Under this line sits a listing. Repeat exactly and only its lines from the one holding "(二)2026年起仅调整专业代码、专业名称,暂不调整专业考试计划专业" through the one holding "从发布的招聘简章来看,招聘单"; skip pictures.

◆ SUPPLIED INFORMATION:
[Start of Attachment]

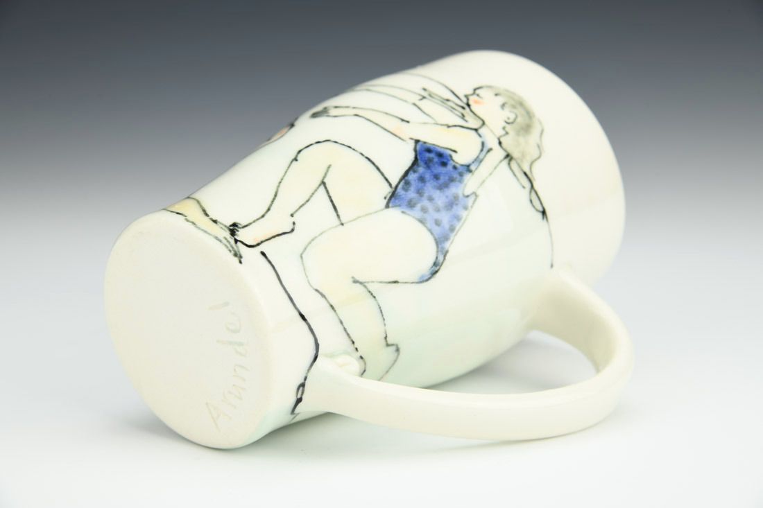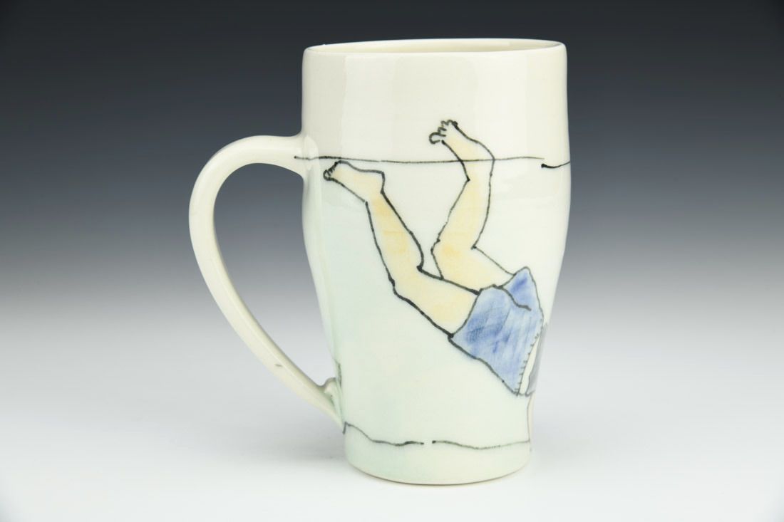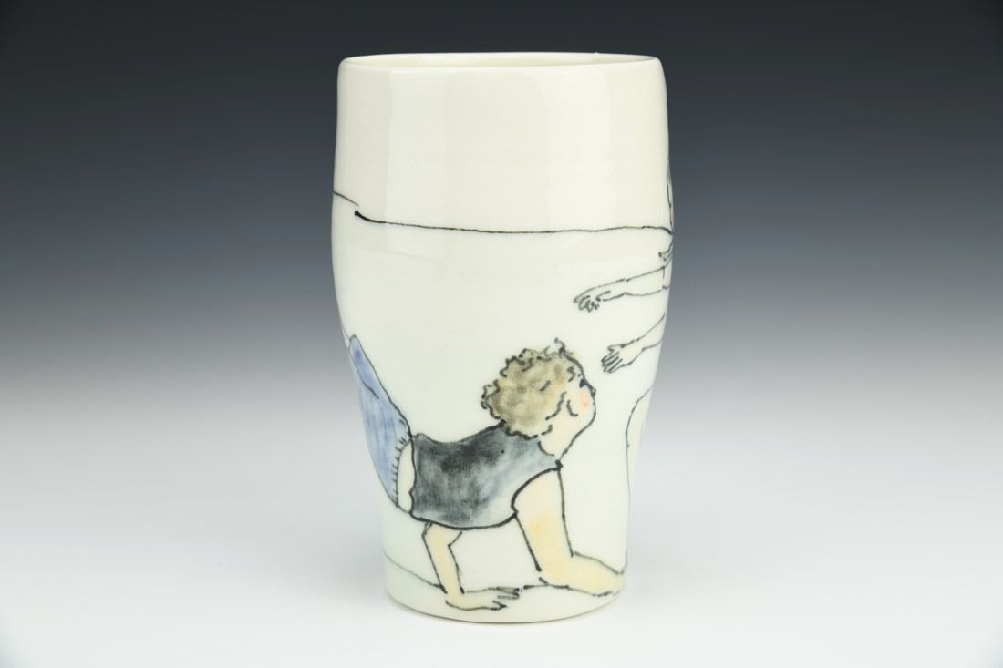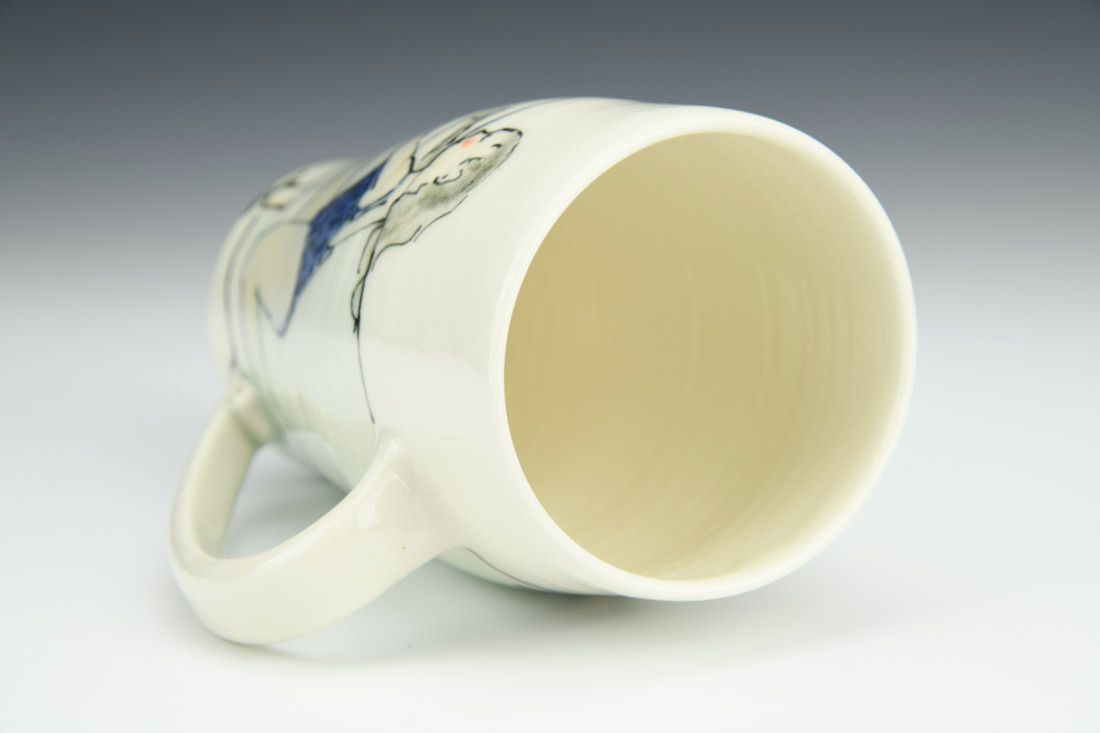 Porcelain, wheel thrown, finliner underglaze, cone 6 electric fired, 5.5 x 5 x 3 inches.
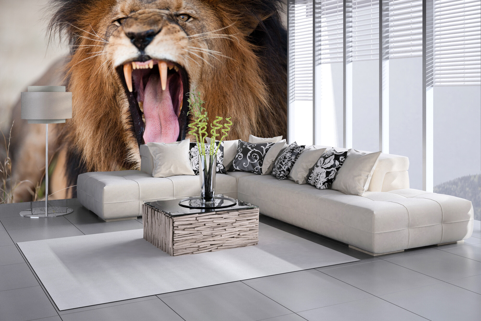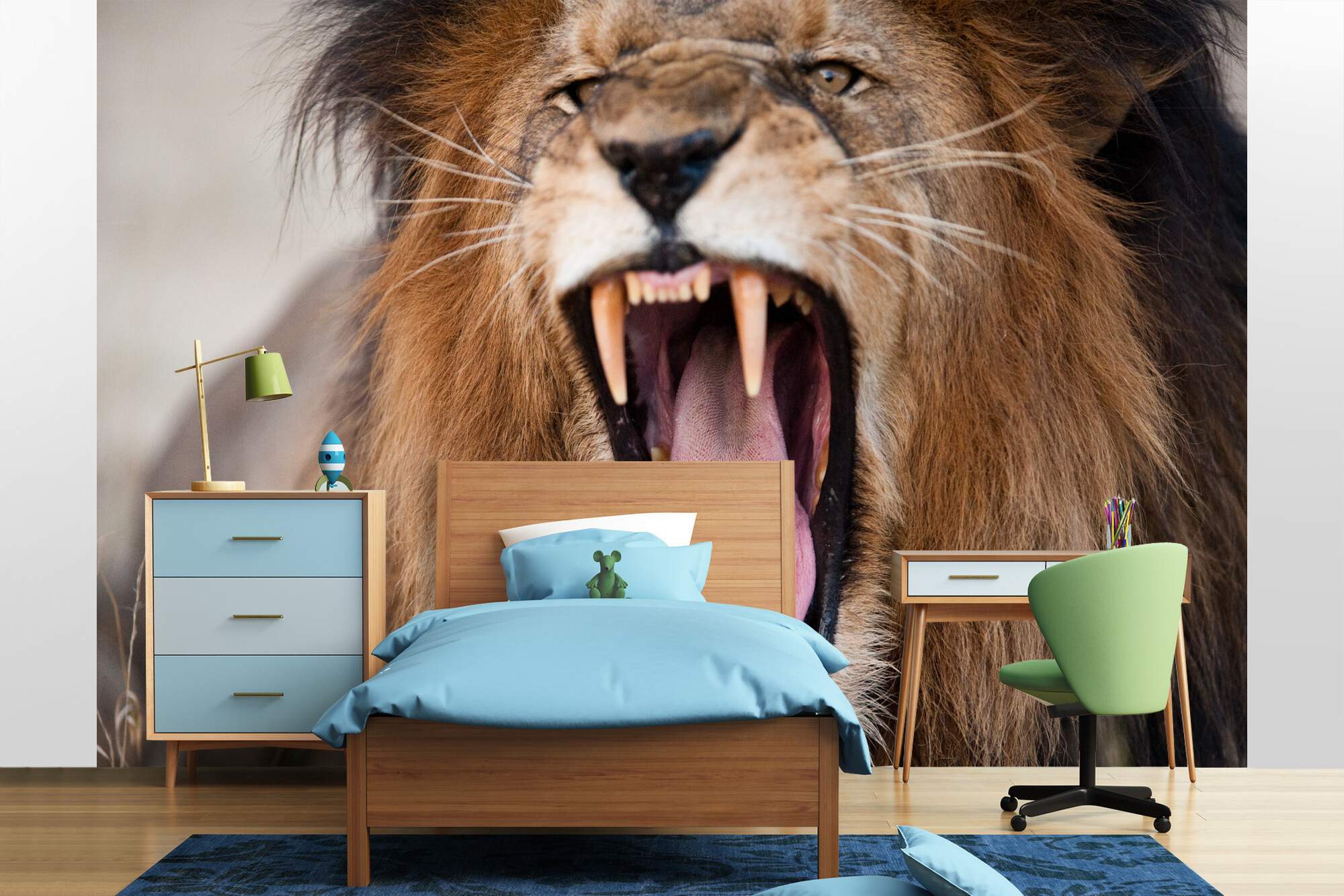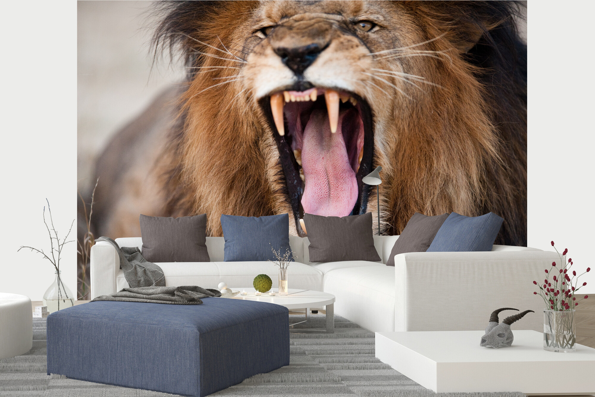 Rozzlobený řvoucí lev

[End of Attachment]
[Start of Attachment]

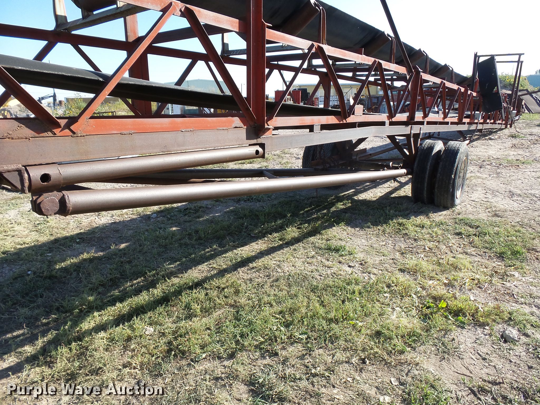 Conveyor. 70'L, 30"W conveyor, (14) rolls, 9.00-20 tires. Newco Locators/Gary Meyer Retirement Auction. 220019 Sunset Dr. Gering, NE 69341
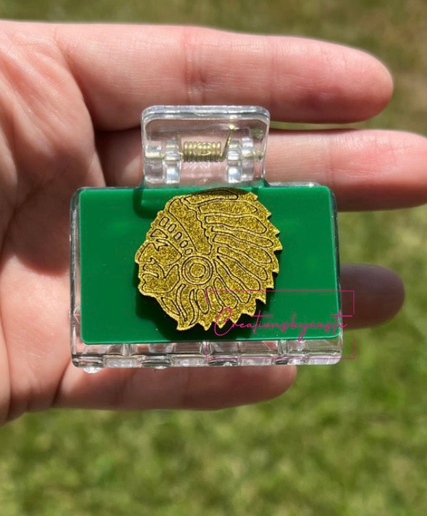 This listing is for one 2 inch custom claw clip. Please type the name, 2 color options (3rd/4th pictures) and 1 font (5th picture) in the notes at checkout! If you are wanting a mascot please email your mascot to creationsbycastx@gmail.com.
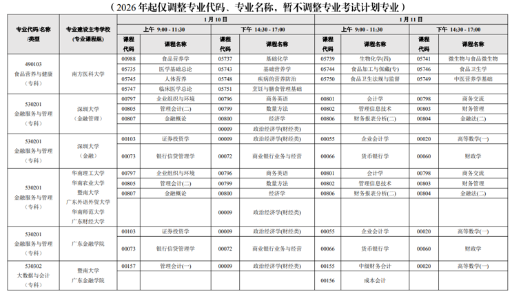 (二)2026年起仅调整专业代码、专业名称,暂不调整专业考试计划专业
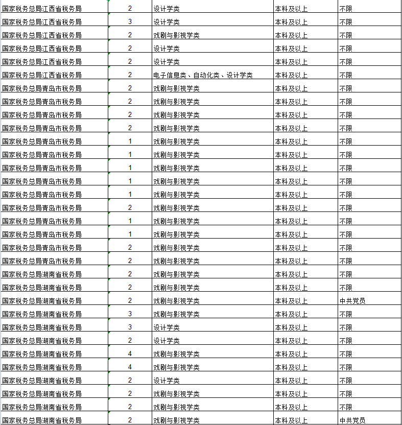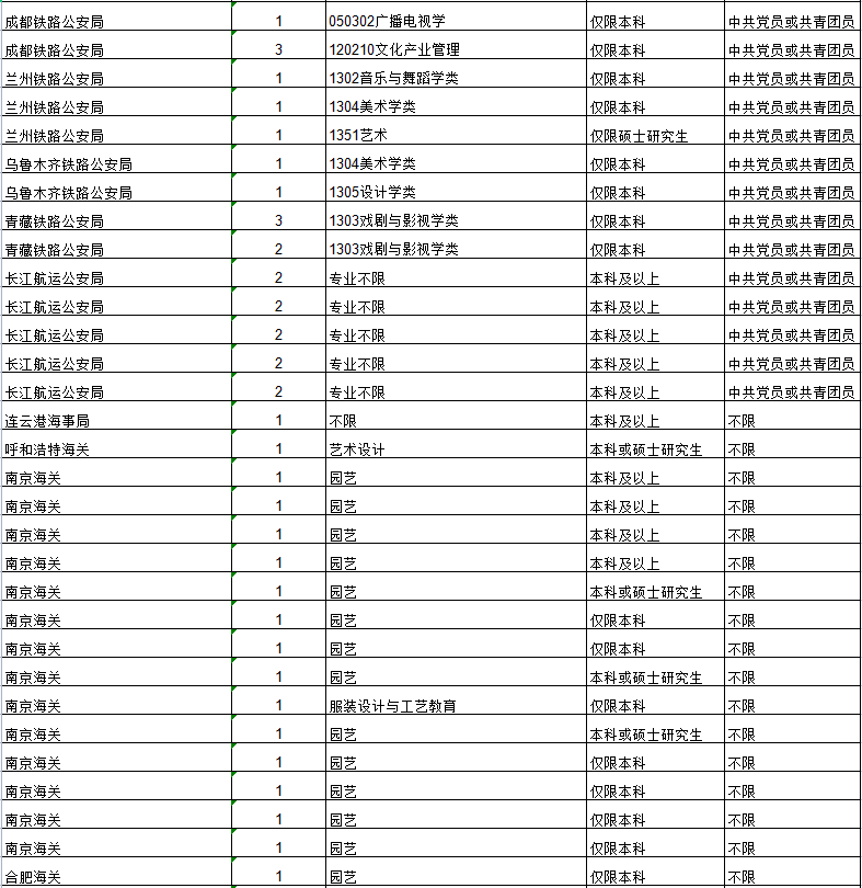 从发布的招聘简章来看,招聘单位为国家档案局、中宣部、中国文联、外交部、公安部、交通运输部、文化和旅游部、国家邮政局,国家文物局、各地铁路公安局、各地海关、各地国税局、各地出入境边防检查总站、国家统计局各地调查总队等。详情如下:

[End of Attachment]
[Start of Attachment]

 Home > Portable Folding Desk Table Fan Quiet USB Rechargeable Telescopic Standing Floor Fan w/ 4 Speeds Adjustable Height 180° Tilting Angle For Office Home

[End of Attachment]

◆ REPLY:
 (二)2026年起仅调整专业代码、专业名称,暂不调整专业考试计划专业
 从发布的招聘简章来看,招聘单位为国家档案局、中宣部、中国文联、外交部、公安部、交通运输部、文化和旅游部、国家邮政局,国家文物局、各地铁路公安局、各地海关、各地国税局、各地出入境边防检查总站、国家统计局各地调查总队等。详情如下:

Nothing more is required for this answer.